- _GIVEN DATA_
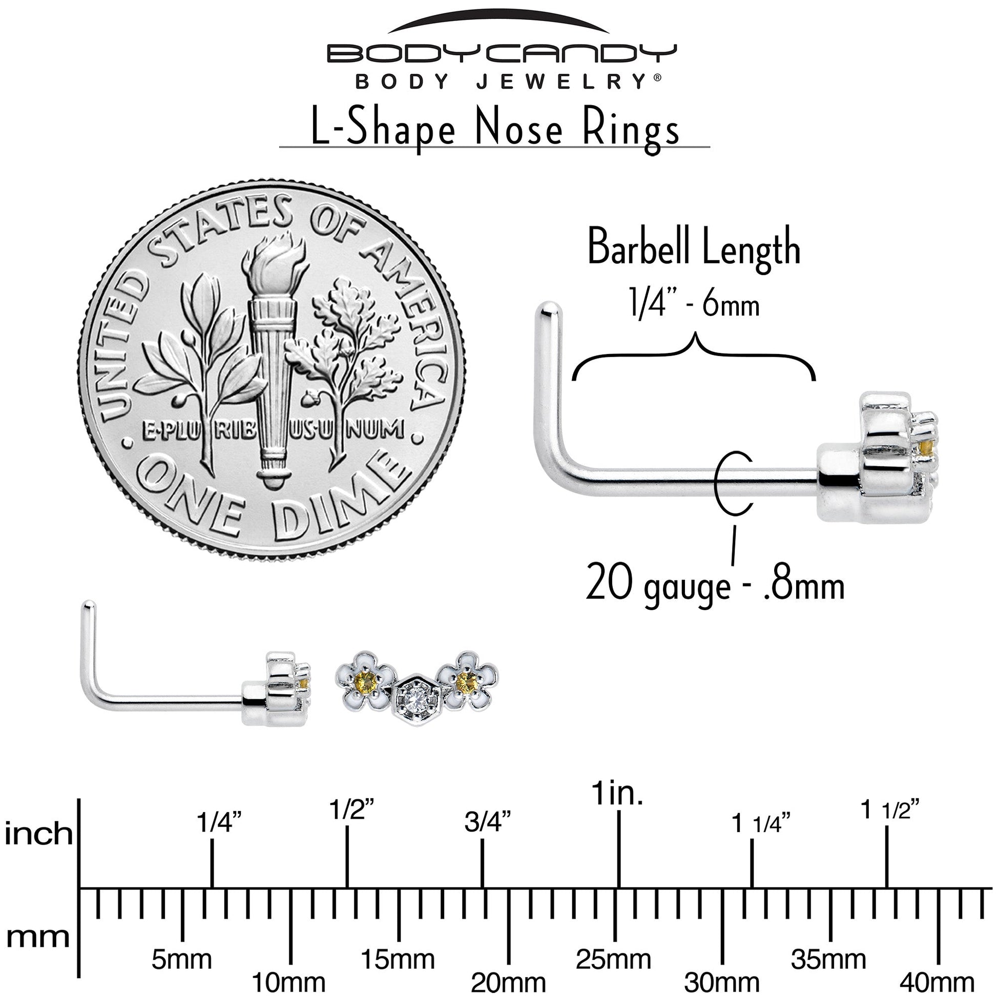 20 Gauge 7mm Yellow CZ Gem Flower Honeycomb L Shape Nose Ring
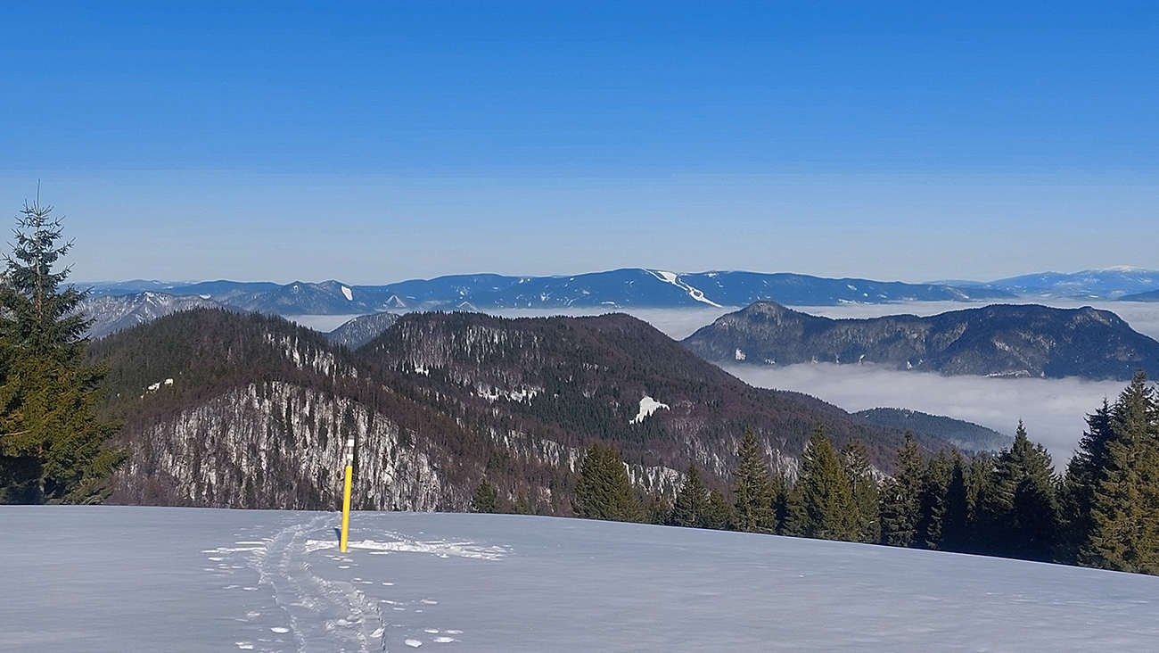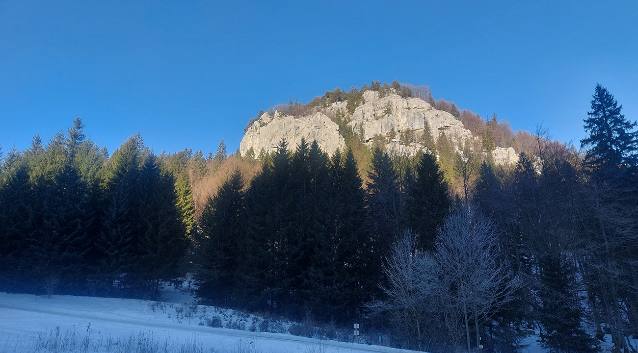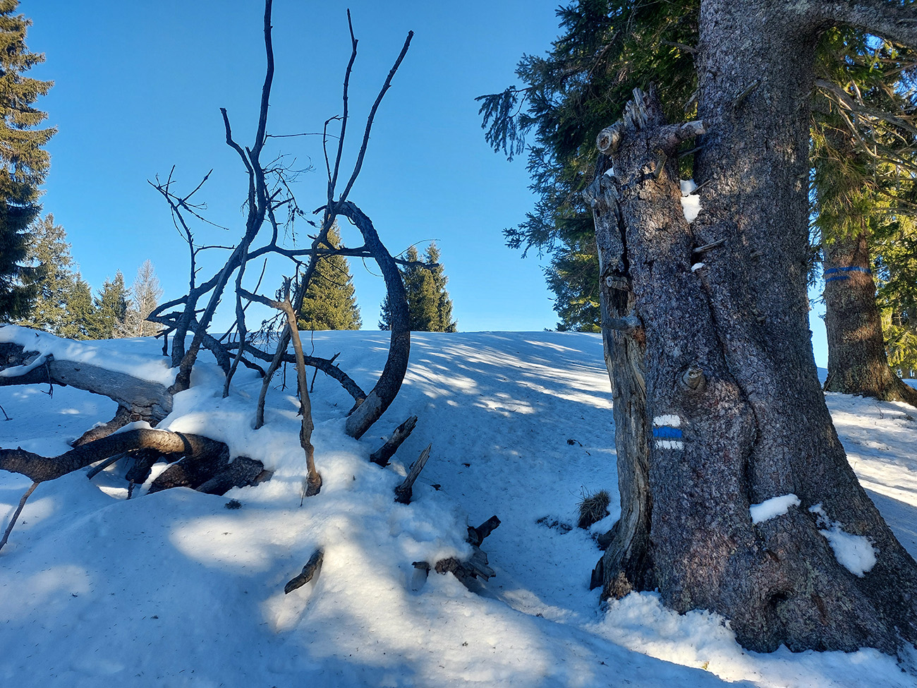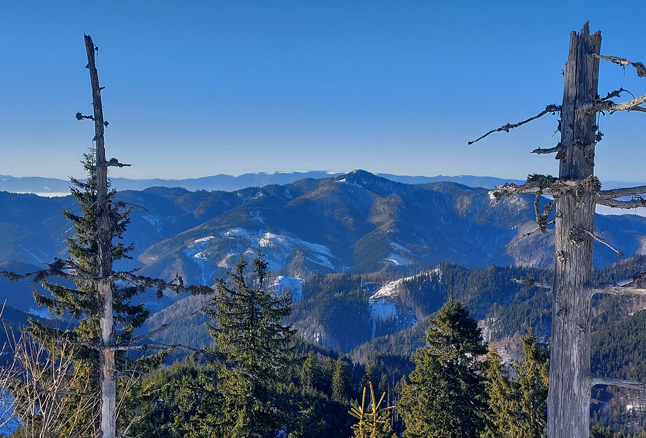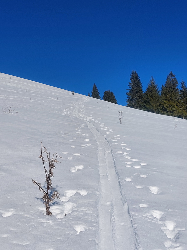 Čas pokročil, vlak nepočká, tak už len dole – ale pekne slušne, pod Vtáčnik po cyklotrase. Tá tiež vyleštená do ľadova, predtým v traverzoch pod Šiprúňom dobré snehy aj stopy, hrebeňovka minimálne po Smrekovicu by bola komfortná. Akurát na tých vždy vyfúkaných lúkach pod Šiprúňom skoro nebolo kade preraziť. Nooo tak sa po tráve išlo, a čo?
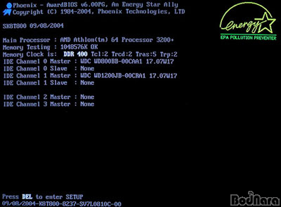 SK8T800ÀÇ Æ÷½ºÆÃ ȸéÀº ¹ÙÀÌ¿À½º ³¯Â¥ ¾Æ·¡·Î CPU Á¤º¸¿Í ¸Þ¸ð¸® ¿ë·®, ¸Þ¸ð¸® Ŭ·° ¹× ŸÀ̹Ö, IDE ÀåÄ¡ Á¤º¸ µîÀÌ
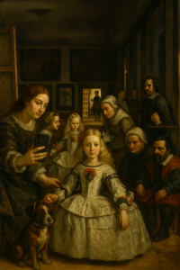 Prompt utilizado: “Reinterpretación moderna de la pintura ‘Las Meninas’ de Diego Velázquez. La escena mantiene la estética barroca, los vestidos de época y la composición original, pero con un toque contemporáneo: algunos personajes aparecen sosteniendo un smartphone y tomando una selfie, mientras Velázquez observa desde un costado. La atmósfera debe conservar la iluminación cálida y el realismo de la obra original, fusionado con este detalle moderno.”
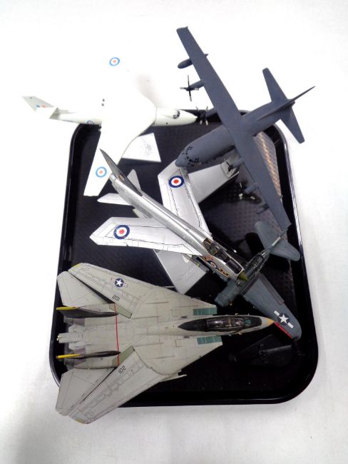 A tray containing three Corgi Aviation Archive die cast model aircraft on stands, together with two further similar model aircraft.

- _TASK DETAILS_
Using the entries above, extract exactly the lines from the one that contains "Čas pokročil, vlak" through the one that contains "SK8T800ÀÇ Æ÷½ºÆÃ ȸéÀº". Do not carry over any pictures.

- _EXERCISE ANSWER_
 Čas pokročil, vlak nepočká, tak už len dole – ale pekne slušne, pod Vtáčnik po cyklotrase. Tá tiež vyleštená do ľadova, predtým v traverzoch pod Šiprúňom dobré snehy aj stopy, hrebeňovka minimálne po Smrekovicu by bola komfortná. Akurát na tých vždy vyfúkaných lúkach pod Šiprúňom skoro nebolo kade preraziť. Nooo tak sa po tráve išlo, a čo?
 SK8T800ÀÇ Æ÷½ºÆÃ ȸéÀº ¹ÙÀÌ¿À½º ³¯Â¥ ¾Æ·¡·Î CPU Á¤º¸¿Í ¸Þ¸ð¸® ¿ë·®, ¸Þ¸ð¸® Ŭ·° ¹× ŸÀ̹Ö, IDE ÀåÄ¡ Á¤º¸ µîÀÌ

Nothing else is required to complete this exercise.